Small firm listings are still rising, but Sebi's curbs have started working
The number of small businesses going public grew at a slower pace this year as stringent regulatory requirements to curb frenzy and unfavourable macroeconomic conditions dampened issuances.The number of initial public offerings (IPOs) on the small and medium enterprises (SME) platforms grew 12.5% so far this year compared with a 31% surge in 2024, according to a report from Pantomath Capital Advisors.
The Securities and Exchange Board of India's (Sebi's) regulatory curbs significantly contributed to the slowdown by tightening eligibility, governance, and fund-use norms starting late 2024 and into 2025, said Jay Jhaveri, partner at Bhuta Shah and Co. LLP.

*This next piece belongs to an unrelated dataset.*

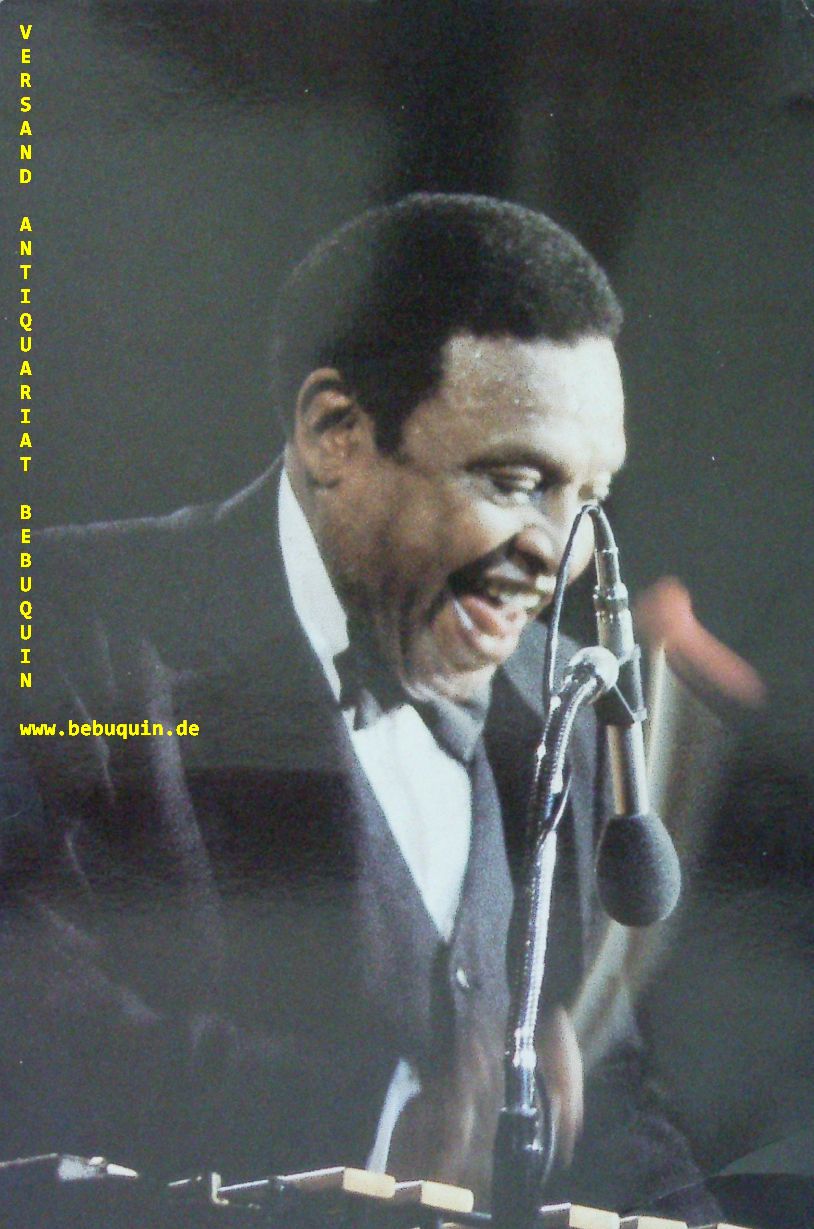 JAZZ.– HAMPTON, Lionel (Vibraphonist): eigenhändig rückseitig signierte und datierte Farb-Postkarte. München, 7.5.1989. 23 x 15 cm. großer Auschnitt mit Halbtotale. unsigniertes Doppel liegt bei.

These changes aimed to curb misuse and speculation, but made listings harder for some SMEs, he said.Along with these policy-level changes, trade and other macro factors were also at play, according to Manick Wadhwa, director at SKI Capital. “After the US elections and the new president taking charge in January, macroeconomic headwinds began to emerge, and April and May saw a lull due to geopolitical tensions between India and Pakistan, which impacted IPO activity.”Sebi cracked down on potential manipulation in SME offers.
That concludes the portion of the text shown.